What’s different about this film is the lack of two
dimensional caricatures and stereotypes, bringing a mature and sophisticated
intelligence to the material, writing fully realized characters that are uncomfortable
with themselves even as they are apparently successful in life. The film opens in Chicago
where Waters performs to an enthusiastic audience, literally bringing the house
down in a club owned by his wife Kim, Tatum O’Neal. Despite their success, each is absorbed in
their own careers, where he’s the entertainer while she handles the business
end, but they don’t seem to have time for each other, where after 10 years of
marriage there’s an unspoken emotional disconnection where real intimacy has
been compromised by a routine of getting along.
Robert Patrick is literally transformed from the badass alien from
TERMINATOR 2: JUDGMENT DAY (1991) to a hip Hollywood manager, Sterling French,
a guy with influence and connections in the business who offers Waters a second
chance at the LA comedy circuit, as he apparently screwed up his career
earlier, one of the headliners of the 90’s until he began walking out on live
performances due to erratic drug related behavior (like whatever happened to
Sly Stone in the late 60’s and early 70’s?).

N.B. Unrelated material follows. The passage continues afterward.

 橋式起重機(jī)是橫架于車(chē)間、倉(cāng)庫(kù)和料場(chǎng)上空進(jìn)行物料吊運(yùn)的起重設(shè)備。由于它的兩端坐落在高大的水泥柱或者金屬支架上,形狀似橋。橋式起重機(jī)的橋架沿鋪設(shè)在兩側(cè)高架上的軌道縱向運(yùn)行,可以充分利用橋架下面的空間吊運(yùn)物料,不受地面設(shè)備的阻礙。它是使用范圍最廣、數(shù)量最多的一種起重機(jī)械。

Kim has suspicions about a return to Hollywood
where temptations run amuck, as their current run of success was a long time
coming, but Waters is a driven artist who needs the stage and is ready for a
renewed opportunity. When he arrives in
LA, he’s treated like a star, given first class accommodations and a white
convertible, where opening night is a complete success, as his progressively
edgy material has such a blatantly realistic feel, with silhouetted closeups on
his face where cinematographer Keith L. Smith beautifully captures the
smoke-filled intimacy of the claustrophobic nightclubs. Rather forwardly, a beautiful young 24-year
old quickly introduces herself and latches onto him immediately, Rosa (Paloma
Guzmán), where they are still together weeks later.

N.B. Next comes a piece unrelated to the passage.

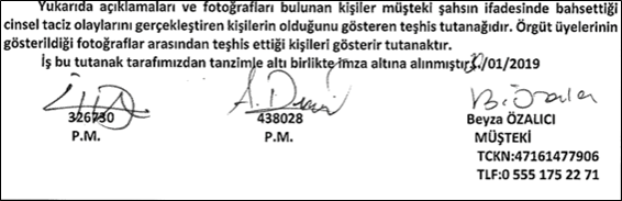 “Emniyete ikinci defa cinsel tacize uğradığım kişileri tespit etmem için çağırdılar. Telefonla arayıp gelmem gerektiğini söylediler… Yüzlerce erkeğin fotoğrafını gösterdiler ve taciz edenleri söyle dediler. Bu şekilde kişileri seçtim.”

One of the more interesting scenes is between girlfriends,
Kim and her best friend, Monique Gabriela Curnen, which reveals the backstory
of her husband’s calamitous descent. Nursing him off narcotics took
years, for which he is heavily indebted to her, trusting in her and believing
they are for real as a couple even as they undergo continual adversity. Rosa,
on the other hand, is a pleasure machine working in a dress store on Rodeo
Drive, where she wants to build a life around
Waters, making him feel like a king. Now honestly, who wouldn’t be
tempted? The script, however, delves into the depths of his indecision,
flattered by the adoring attention which strokes his ego, but also aware of
what he has with an independent minded woman his own age. When Kim hears
about the other woman, she flies to LA, where for better or for worse, she’ll
either save her marriage or end it. It doesn’t work out the way you might
expect, as there’s no dramatically confrontational scene, instead it slowly
plays out in Waters’ head, where he gets a little antsy for both women every
once in awhile and literally has to work it out in his blisteringly honest
onstage routines, which are the heart and soul of the film, and are simply
brilliant. Tatum O’Neal is surprisingly good here, showing an ease with
the Hollywood glamour world, where she’s been through it all before and is not
phased by the showbiz artificiality, showing she’s quite capable of holding her
own in the high pressure Hollywood scene. Her composure is really one of
the keys to the film, as it helps define Waters as a man, where there’s an
unspoken comfort zone between them that helps alleviate the natural tension of
what he does for a living, which is extremely high pressure. Nonetheless,
Lennix is every bit a star, commanding our attention throughout, where he’s
literally dazzling onstage, as his delivery is so effortless, where
the secret to the success of this film is the relaxed, underlying believability
of the characters, where the complexity of their lives is what comes alive
onscreen.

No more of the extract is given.